HTTPS SSH

Overview

The goal of this project is to benchmark perforamance of PyTorch and MXNet on a recurrent network based model using single and multi-GPU configurations. Findings are reported in this [blog post] (http://borealisai.com/2018/02/16/standardizing-a-machine-learning-framework-for-applied-research/).
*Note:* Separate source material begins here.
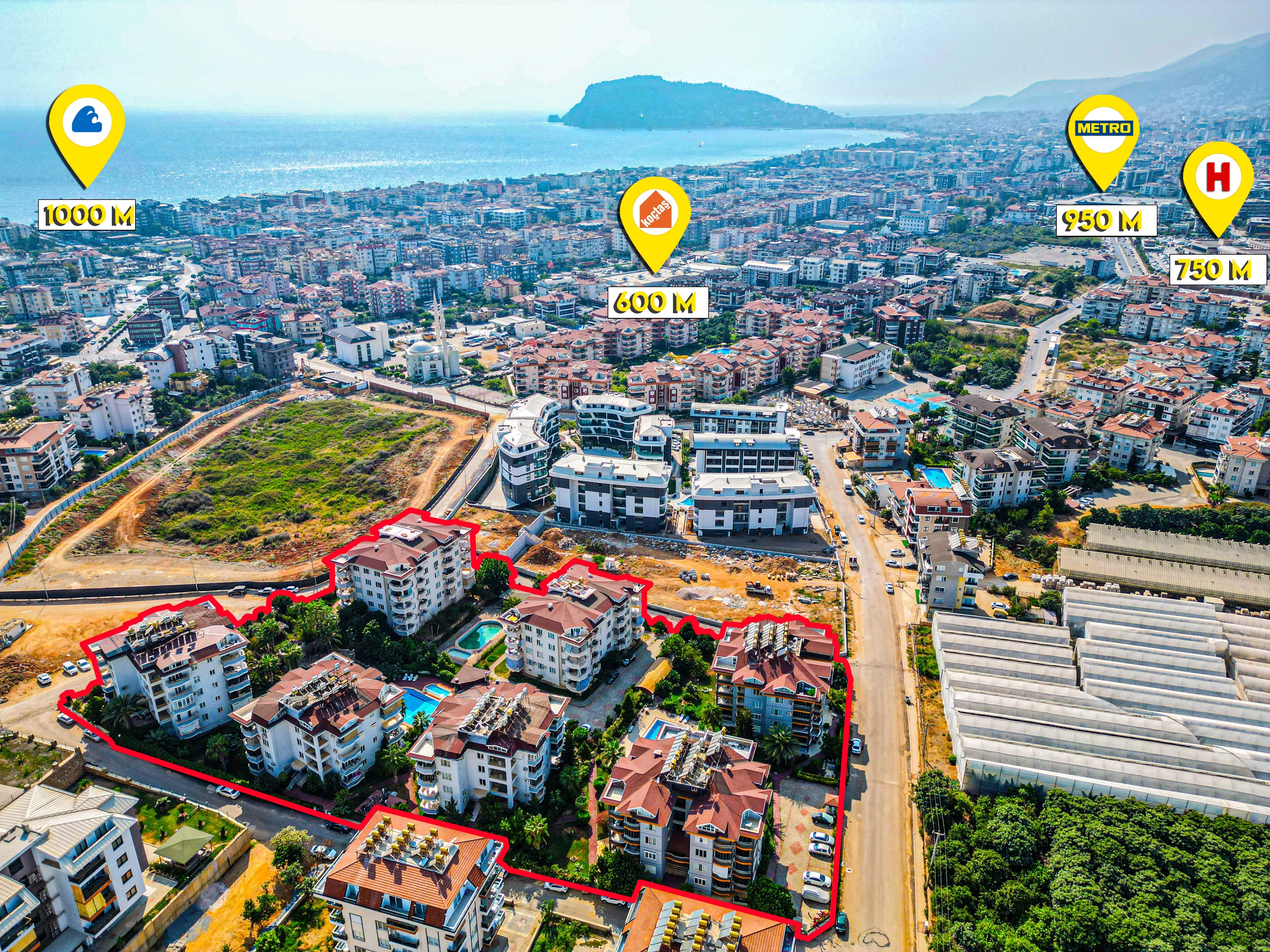 Bu değerli mülk, Alanya Oba'nın seçkin lokasyonunda yer almakta olup, denize sadece 1,1 km mesafededir. Ulaşım kolaylığı sağlayan konumu, Antalya havalimanına 118 km, Alanya Gazipaşa havalimanına ise 34 km uzaklıkta olmasıyla dikkat çekmektedir. Hem yerli hem de yabancı yatırımcılar için cazip bir seçenek olan daire, stratejik konumu sayesinde bölgedeki artan değer ve talep potansiyelini yansıtmaktadır.

Hardware and Software Configuration

For easy reproducibility, results have been reported on an EC2 instance using a community Deep Learning image. The results were also run on Borealis AI machines to see how performance varies.

Amazon EC2

Spec Value
AMI Id ami-0a9fac70
EC2 instance type p3.2xlarge
GPU type Tesla V100

Setup

Amazon EC2

Launch an instance of your choice using the Deep Learning AMI (ami-9ba7c4e1). The results below were posted using a p3.8xlarge instance since we wanted to benchmark on the Volta architecutre with multiple GPUs.

ssh <ec2-instance-ip>

## PYTORCH ##
cd pytorch
# open run.sh and check parameters are what you need
source activate pytorch_p36
./run.sh example.pkl

## MXNET ##
cd mxnet
# open run.sh and check parameters are what you need
source activate mxnet_p36
./run.sh example.pkl

Custom Setup

Set up a virtual environment and install the following libraries. Note that the commands below install the versions of the framework used in this benchmark.

Install PyTorch:

pip install http://download.pytorch.org/whl/cu90/torch-0.3.0.post4-cp36-cp36m-linux_x86_64.whl

Install MXNet:

pip install mxnet-cu90

Run

Navigate to one of the pytorch or mxnet directories and run as follows.

cd <framework-name>
./run.sh example.pkl

run.sh is a bash script that wraps the python run script run.py. To modify the arguments passed open run.sh and change the values accordingly. The full list of supported arguments are:

python <framework>/run.py --help

Model and hyperparameters

See <framework>/model.py for details on the model.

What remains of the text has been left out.